Gene therapy for attenuating cardiac allograft arteriopathy using ex vivo E2F decoy transfection by HVJ-AVE-liposome method in mice and nonhuman primates.

Cardiac allograft arteriopathy, which limits the long-term survival of recipients, is characterized by diffuse intimal thickening composed of proliferative smooth muscle cells. The transcription factor E2F plays a pivotal role in the coordinated transcription of cell-cycle regulatory genes. To test the hypothesis that double-stranded DNA with specific affinity for E2F (E2F decoy) is effective in preventing intimal hyperplasia, we performed ex vivo single intraluminal delivery of E2F decoy into cardiac allografts of mice and Japanese monkeys using the hemagglutinating virus of Japan (HVJ) artificial viral envelope-liposome method. In murine models, antisense cyclin-dependent kinase 2 (cdk2) kinase oligodeoxynucleotide (ODN) and no transfers were performed to compare the effects. Severe intimal thickening was observed, and multiple cell-cycle regulatory genes were enhanced in untreated allografts. E2F decoy prevented neointimal formation and suppressed these genes for up to 8 weeks, whereas antisense cdk2 kinase ODN had limited effects.

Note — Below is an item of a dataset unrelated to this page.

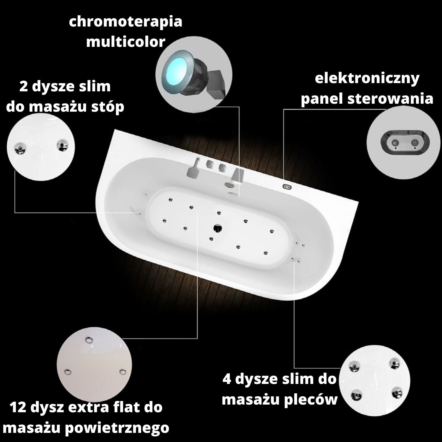 The water massage itself relaxes tense muscles, improves circulation, relaxes and has a warming effect. Hydromassage is a blessing for rheumatological problems, spine disorders, increased tension, etc. It does not leave any part of the body without help. It affects joints and muscles. Hydromassage relies on appropriately set pressure of water flowing from the nozzles. Movable or stationary water jets are located on all side (including front and rear) walls of the bathtub. The hydromassage is controlled by a panel placed on the edge of the bathtub or a remote control. You decide how the water will massage you.

In primate models, E2F decoy dramatically prevented neointimal thickening and suppressed multiple cell-cycle regulatory genes, whereas intimal thickening developed in the nontransfected or mismatch decoy-transfected allografts. Gel mobility shift assay proved the specific effects of E2F decoy, and reverse transcriptase-polymerase chain reaction documented that neither complication nor dissemination of HVJ into other organs was observed. We demonstrate that ex vivo gene delivery to allografts is a potent strategy to modify allograft gene expression, resulting in prevention of graft arteriopathy without systemic adverse effects.